Who cages their queen for 24 days? A 14 day sequestration would give you a brood break sufficient for a single shot of OA and be far less stressful. I understand that they were wanting to squeeze in 3 OAV applications, but the gross effect to the colony population had to be significant and not realistic of a typical brood break.

Assuming as fact that OAV is most effective when there is little or no brood present, wouldn't this have been the optimal environment for efficacy of OAV? A broodless hive?

This study clearly states that a single, double and triple application of the US regulated maximum dose in a broodless hive is not an effective varroa control measure. 

This study proves that we cannot effectively control varroa mites in our hives using the 1g/brood box dose prescribed by US law.

But I am certain that we will continue to beat our heads against the wall for years as state-sponsored and publicly-funded money is funneled to government-paid researchers in government "Extension" roles continue to hide their research by trying to sell us back the research that we already paid for.


----------



## RayMarler (Jun 18, 2008)

This is something I've posted in the past, with link to that thread below...

I've heard people say that brood breaks helps to control varroa.

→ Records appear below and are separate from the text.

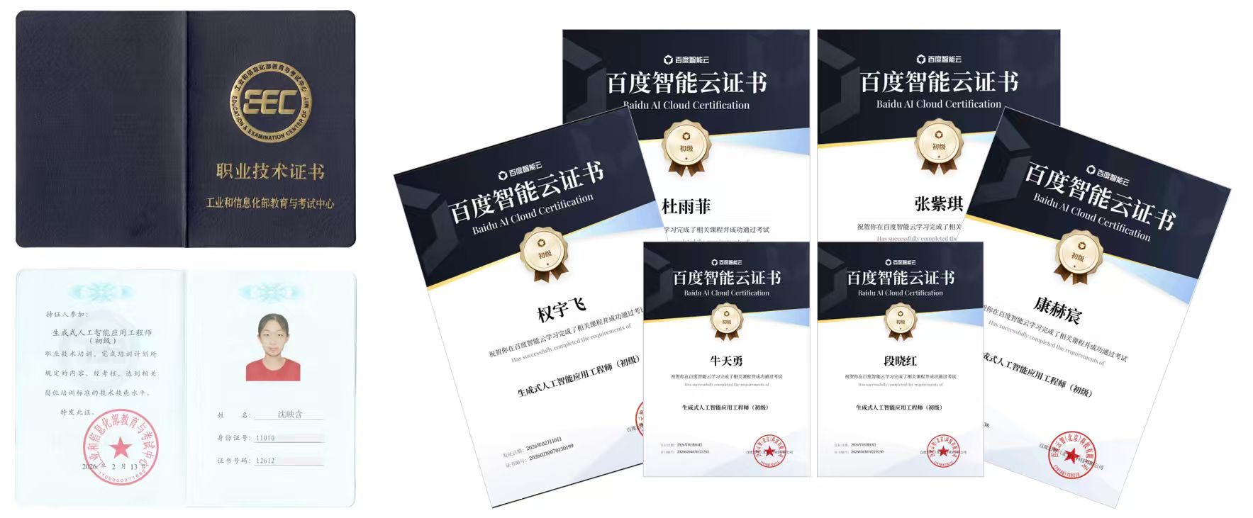 近日,英国上市公司官网365联合百度智能云千帆大模型产业(北京)创新基地,组织全校48名师生开展生成式人工智能应用工程师(初级)培训与考核工作。全体参训师生顺利通过考试,成功获得由工业和信息化部教育与考试中心联合百度发布的职业技能资格认证,实现全员取证。这是学院深化产教融合、推进创新创业教育改革,助力师生抢抓AI时代发展机遇的重要成果。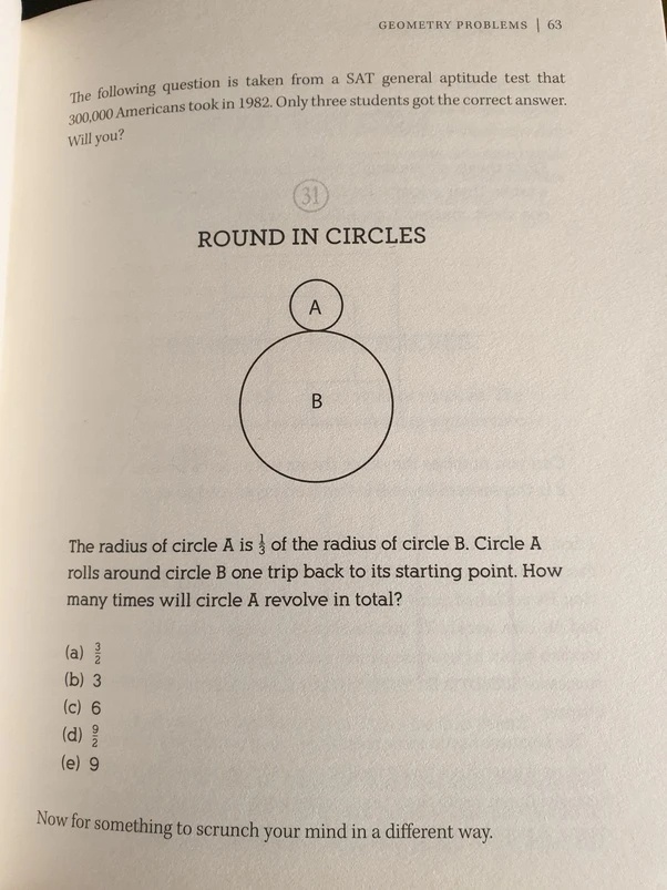 출제자를 포함하여 모든 사람들은 그냥 '원 B의 반지름보다 원 A가 1/3배 작으니까, 세번 돌았겠지?'하고 (B)를 골랐으나...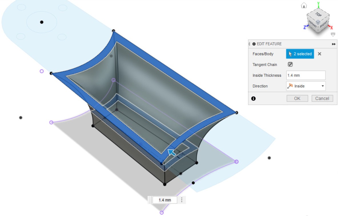 - Применяем инструмент shell для создания оболочки из тела, получившееся в результате выполнения пунктов 9 и 13, выбрав верхнюю и нижнюю плоскость в качестве исключения, чтобы получилось как на рисунке, толщина оболочки 1.4 мм.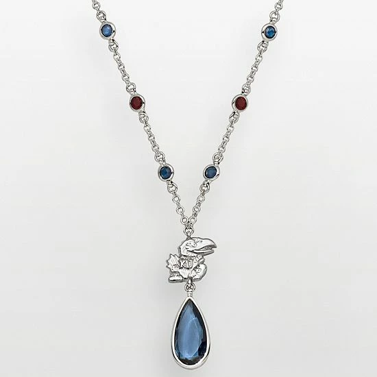 Athletic, yet elegant. This Kansas Jayhawks Y necklace features a team logo link, and blue and red crystals. Add eye-catching appeal to your game day attire with this silver-tone necklace.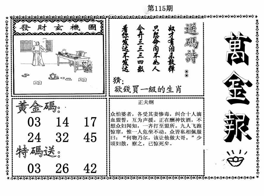 | 114期推荐五码:<43 05 42 39 45>大胆下注十万让你赚百万!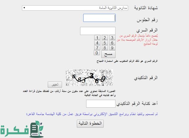 - يقوم الطالب بإدخال رقم الجلوس والرقم السري موجود على استمارة النجاح التى يحصل عليها الطالب من المدرسة.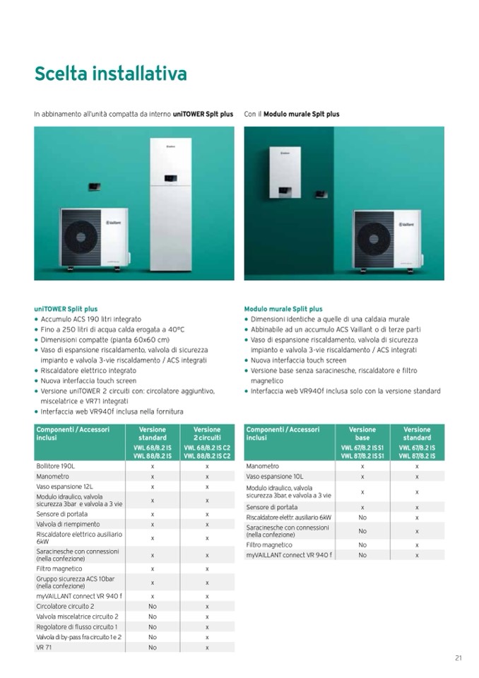 ⬤ Abbinabile ad un accumulo ACS Vaillant o di terze parti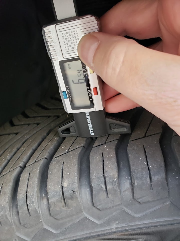When our test tires reached the 22,000-mile marker, we measured the tread depth at 7 mm. Now that we have completed 31,000 miles of driving, the tread depth measures about 6.5mm. There is even wear across all four tire surfaces. We had aligned the vehicle just prior to mounting the test tires, and we rotated them at each or every other oil change interval. The rotations are front to back only because the tires are direction. We recently had the car aligned again at our 60K service visit. These tires are projected to last 75,000 miles at the current rate of wear before reaching the treadwear bars.
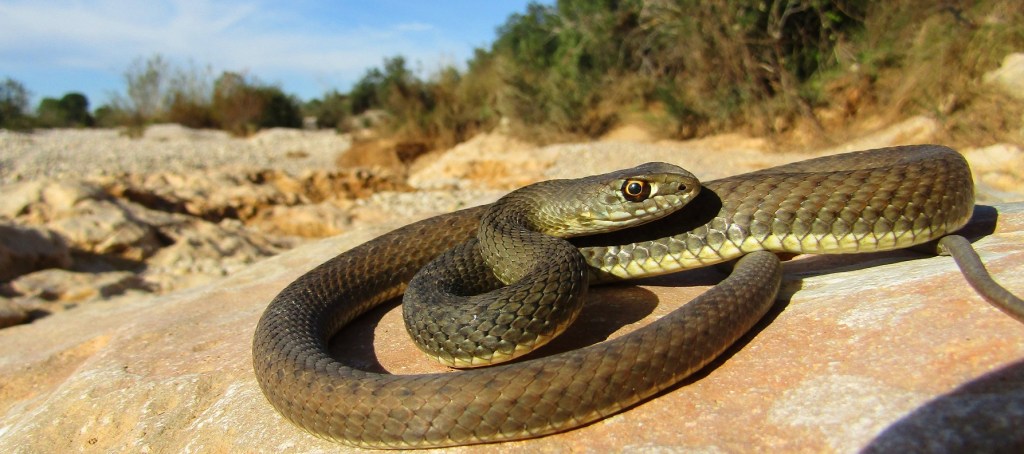 Els majors individus de serp verda (Malpolon monspessulanus), que sempre són els mascles, poden assolir gairebé 2 metres i mig de llargada. Aquesta característica la converteix no només en la serp més gran de Catalunya, sinó també en una de les més grans d’Europa. Per a fer-nos a la idea, equivaldria aproximadament al triple de la mida d’un ecurçó ibèric, una de les serps més conegudes del massís del Port.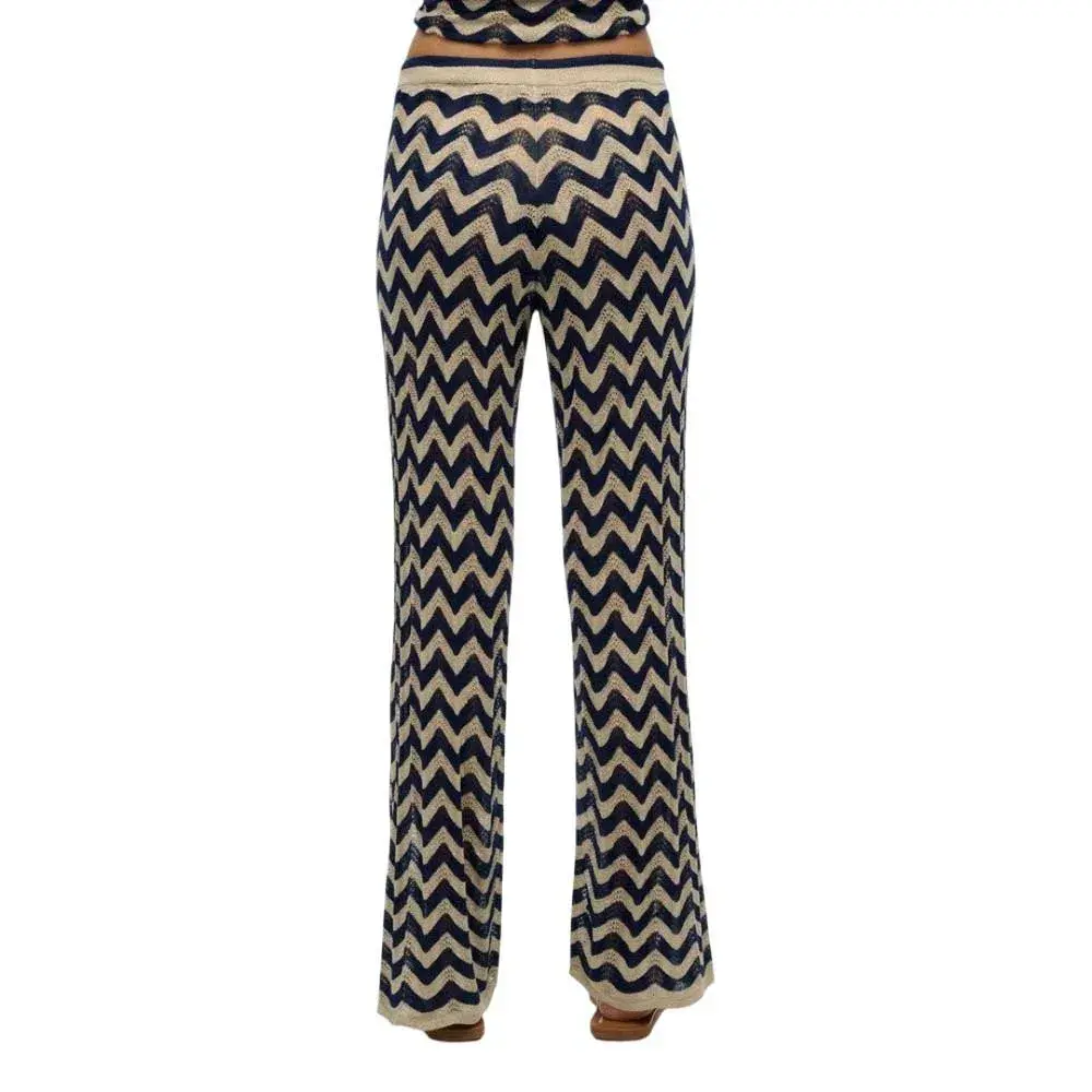 Главная отличительная черта этих брюк — динамичный зигзагообразный узор по всей поверхности. Этот сложный вязаный рисунок создает пленительную визуальную текстуру, которая добавляет глубину и индивидуальность вашему образу, делая эти брюки бесспорным центральным элементом. Смелый, но изысканный рисунок позволяет создавать универсальные стили, гарантируя, что вы произведете незабываемое впечатление, будь то на бранче в выходные, поездка в город или расслабленное вечернее мероприятие.

I've heard people doing brood breaks for varroa control, but they still lose the hives. I can't say what did or did not work for them, all I can do is tell you how brood breaks have worked for me, and the conclusions I have come to from the experiences.

When I do brood breaks as a varroa control method, here's what happens for me in my location with the local bees I can get here... The hives still die. If anything, the brood breaks makes the varroa problem even worse, at least in some instances. So I started studying varroa, their life cycles and brooding cycles. I've come to a few conclusions from my experiences and reading.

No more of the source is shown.